Bayesian Optimization systematically explored the hyper-parameter space by constructing a probabilistic model of the objective function, which aimed to maximize classification accuracy. The optimization process iteratively refined the selection of hyper-parameters—such as learning rate, batch size, number of filters, and kernel sizes—by evaluating their impact on model performance. An acquisition function guided this process, balancing exploration of new hyper-parameter configurations and exploitation of promising values. K-fold cross-validation was employed during training, and Bayesian Optimization dynamically adjusted hyper-parameters based on validation performance, leading to improved accuracy and reduced overfitting. Table 1 summarizes the CNN architecture and training configuration, with hyperparameters reflecting the optimal values identified via Bayesian Optimization.

images

5 Experimental Setup

Experiments were conducted on a Windows 11 Pro system with an Intel Core i7 (2.40 GHz), using Python and libraries such as TensorFlow, NumPy, Pandas, and Scikit-learn. An n-fold cross-validation was applied to evaluate model performance, achieving high accuracy on the IM-WSHA and ENABL3S datasets. Data acquisition and evaluation methods are detailed in later sections.

6 Experimental Results

We evaluated the proposed IS-DAR using the IM-WSHA and ENABL3S datasets, employing N-fold cross-validation where each data instance contributed to both training and validation. The confusion matrices in Fig. 10a,b show the model’s performance, with a mean accuracy of 93.0% on IM-WSHA and 92.0% on ENABL3S, reflecting the model’s generalization ability.

images

Figure 10: Confusion matrices showing accuracy for the (a) IM-WSHA (b) and ENABL3S datasets

To further validate the effectiveness of our proposed hybrid pipeline, we compare its classification accuracy with recent state-of-the-art HAR models. Our method outperforms existing approaches in both datasets. As shown in Table 4, our method outperforms existing approaches in both datasets. Specifically, on the ENABL3S dataset, our system achieves 92.0% accuracy, surpassing the CNN-based classification system (90.93%) and the LDA-based classification system (85.78%) reported in [23]. Similarly, for the IM-WSHA dataset, our approach achieves 93.0% accuracy, outperforming the RPLB + Stochastic Gradient Descent system (83.18%) and the RPLB + Adagrad system (81.73%) reported in [24].

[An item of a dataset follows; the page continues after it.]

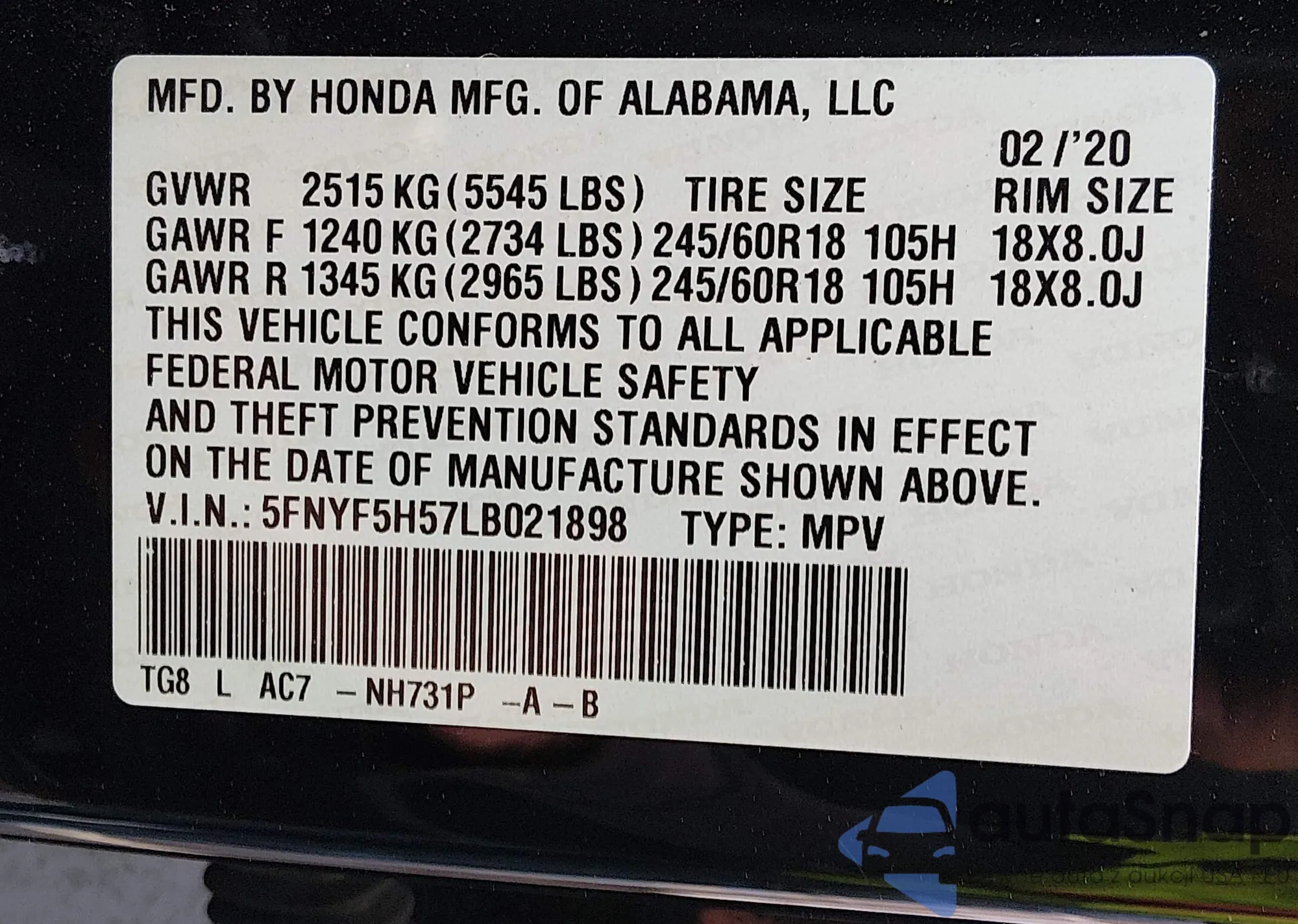 • VIN 5FNYF5H57LB021898

6.1 Precision, Recall, and F1 Score for IS-DAR

This study has included precision, recall, and F1-score as evaluation metrics. The IM-WSHA and ENABL3S datasets’ precision, recall, and F1 score are displayed in Tables 2 and 3, respectively. Finally, Table 4 shows the comparison of proposed system with other state-of-the-art systems over the IM-WSHA and ENABL3S datasets. The bold text in Tables 2 and Tables 3 indicates the dataset classes, while the bold numerical values at the end represent the average precision, recall, and F1 score.

images

6.2 Computational Complexity and Feature Selection Comparison

Despite its multi-stage design, the proposed method remains efficient—Bayesian Optimization achieves effective feature selection with low execution time (4.2 s) and memory usage (75 MB), as shown in Table 5. Compared to PCA, SVD, and IDA, it offers better accuracy while remaining practical for real-world use.

images

7 Conclusion and Future Works

The proposed methodology efficiently detects locomotor movements through inertial sensors with a robust feature extraction, processing, and classification flow. It uses Chebyshev filtering, Blackman windowing, and extracts GMM, MFCC, spectral entropy, quaternion, and GCC features. The best features are shortlisted through Bayesian Optimization followed by classification using a CNN. The system outperforms the existing approaches on IM-WSHA and ENABL3S datasets, and it is extremely promising for use in real-time movement monitoring, medical care, and sports.

Although it is true that the process involves costly computations such as feature extraction and classification, its appropriateness relies on application needs in the real world. When high accuracy and robustness are more important than low-latency processing—such as diagnostics for medicine, cybersecurity intrusion detection, or financial fraud detection—the cost of processing is reasonable. Sensor drift is a potential issue on long-term deployment, although low degradation across a period of time indicates that the process is stable for extended use.

Although we prioritize performance, interpretability is especially important for applications in healthcare, security, and behavior monitoring. To facilitate this, we use hand-crafted features—spectral entropy, quaternion descriptors, and GMM statistics—that possess well-understood physical meaning with respect to body movement. These transparently inform activity signals increase user trust. For greater model explainability, we will incorporate post-hoc explanation mechanisms such as SHAP and LIME, particularly to elucidate CNN predictions in uncertain or high-consequence situations.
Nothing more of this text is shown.